I have been wondering that why do car accidents still happen so regularly even if there are so many related laws. What kind of policy seems to address the problem the most? It seems like these answer could be found by compairing the accidents and the policy made in different region, and I hope to find a combination of policies that could lowest the car accident possibility.
import pandas as pd
df_traffic_death = pd.read_csv('traffic_death.csv')
traffic_death_feature = {'Entity': "Country", "Year": "years from 1990 to 2019",
"Deaths": "traffic deaths number"}
df_traffic_death.head(5)
Entity | Year | Deaths | |
---|---|---|---|
0 | Afghanistan | 1990 | 4154 |
1 | Afghanistan | 1991 | 4472 |
2 | Afghanistan | 1992 | 5106 |
3 | Afghanistan | 1993 | 5681 |
4 | Afghanistan | 1994 | 6001 |
df_death_type = pd.read_csv('death_type.csv')
death_type_feature = {'Country': 'Country',
"Drivers/passengers of 4-wheeled vehicles": "% of road traffic deaths by type",
"Drivers/passengers of motorized 2- or 3-wheelers": "% of road traffic deaths by type",
"Cyclists": "% of road traffic deaths by type",
"Pedestrians": "% of road traffic deaths by type",
"Other/unspecified roadusers": "% of road traffic deaths by type"}
df_death_type.head(5)
Country | Drivers/passengers of 4-wheeled vehicles | Drivers/passengers of motorized 2- or 3-wheelers | Cyclists | Pedestrians | Other/unspecified road users | |
---|---|---|---|---|---|---|
0 | Albania | 39.4 | 11.9 | 7.8 | 38.7 | 2.2 |
1 | Andorra | NaN | 50.0 | NaN | 50.0 | NaN |
2 | Angola | 59.5 | NaN | NaN | 40.5 | 0.0 |
3 | Antigua and Barbuda | 62.5 | 0.0 | 12.5 | 25.0 | 0.0 |
4 | Argentina | 47.2 | 22.2 | 2.4 | 8.2 | 20.0 |
df_drunk_rules = pd.read_csv('drunk_rule.csv')
drunk_rules_feature = {"Country": "Country",
"Definition of drink-driving by BAC": "whether or not the conutry have clear BAC to identify drink-driving",
"Existence of a national drink-drrving law": "whether or not having law about rink-driving",
"Attribution of road traffic deaths to alcohol": "% of traffic deaths caused by alcohol"}
df_drunk_rules.head(5)
Country | Definition of drink-driving by BAC | Existence of a national drink-driving law | Attribution of road traffic deaths to alcohol (%) | |
---|---|---|---|---|
0 | Afghanistan | No | Yes | – |
1 | Albania | Yes | Yes | 5.2 |
2 | Angola | Yes | Yes | – |
3 | Antigua and Barbuda | No | Yes | 0.9 |
4 | Argentina | Yes | Yes | 17 |
df_bac_limit = pd.read_csv('bac_limit.csv')
bac_limit_feature = {"Country": "Country",
"BAC limit for general population": "the blood alcohol concentration standard for most people",
"BAC limit for novice drivers": "the blood alcohol concentration standard for young or new drivers"}
df_bac_limit.head(5)
Country | BAC limit for general population | BAC limit for novice drivers | |
---|---|---|---|
0 | Afghanistan | - | - |
1 | Albania | <=0.05 g/dl | <=0.05 g/dl |
2 | Angola | <= 0.06 g/dl | <= 0.06 g/dl |
3 | Antigua and Barbuda | - | - |
4 | Argentina | <=0.05 g/dl | <=0.05 g/dl |
df_speed_limit = pd.read_csv('speed_limit.csv')

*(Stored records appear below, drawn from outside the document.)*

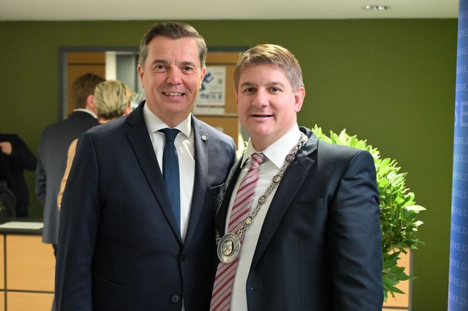 Bei voll besetztem Saal und musikalischer Begleitung der Stadtkapelle Geseke blickte Bürgermeister Dr. Remco van der Velden auf das vergangenen Jahr und Projekte zurück und gab ebenso einen Ausblick auf die Zukunft der Stadt Geseke.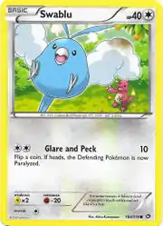 Swablu (Japanese: チルット Tyltto) is a Colorless-type Basic Pokémon card. It is part of the Legendary Treasures expansion.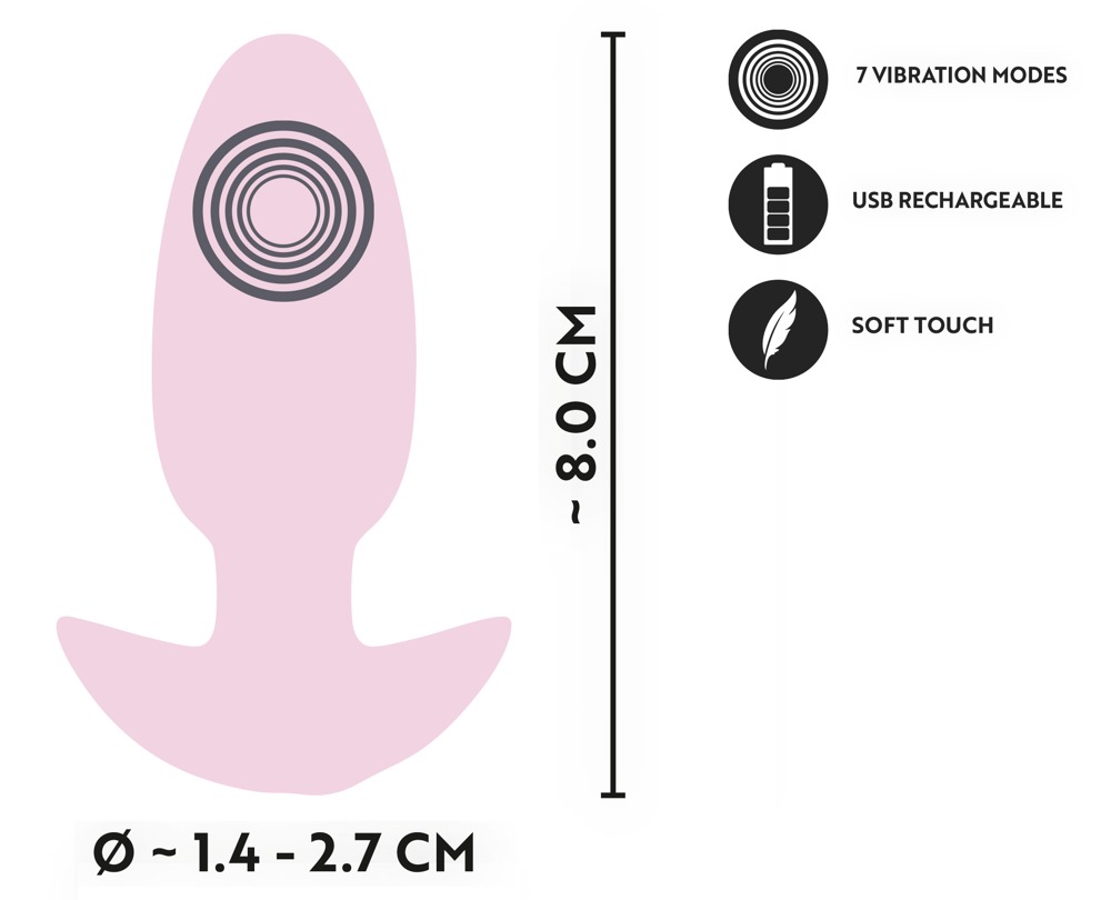 De Vibrerende Mini Butt Plug Rose van Cuties is het brutale avontuur voor iedereen die op een speelse manier anaal plezier wil ontdekken. De compacte, zijdezachte siliconen plug heeft een vederlicht ontwerp met een smal uiteinde, glijdt als bij toverslag en maakt inbrengen supergemakkelijk. 7 speelse vibratiestanden zorgen voor tintelende afwisseling en veel plezier. Druk gewoon op de knop!

speed_limit_feature = {"Country": "Country",
"Maximum speed limits (Urban)": "speed limits in city side",
"Maximum speed limits (Rural)": "speed limits in country side"}
df_speed_limit.head(5)
Country | Maximum speed limits (Urban) | Maximum speed limits (Rural) | |
---|---|---|---|
0 | Afghanistan | 90 | 90 |
1 | Albania | 40 | 80 |
2 | Angola | 60 | 90 |
3 | Antigua and Barbuda | 32 | 64 |
4 | Argentina | 60 | 110 |
I think these dataset could help me address the problem by comparing the deaths in each country and see how there is relationship between these rules and the deaths. We can also see whether how does the policy about maximum speed limits and drink-driving affect on the amount of different type of traffic deaths.
We can build models of combination of differnet maximum speed limit and different blood alcohol concentration limit, and predict the possible death; finally find whether there is a best combination that can minimize the traffic death.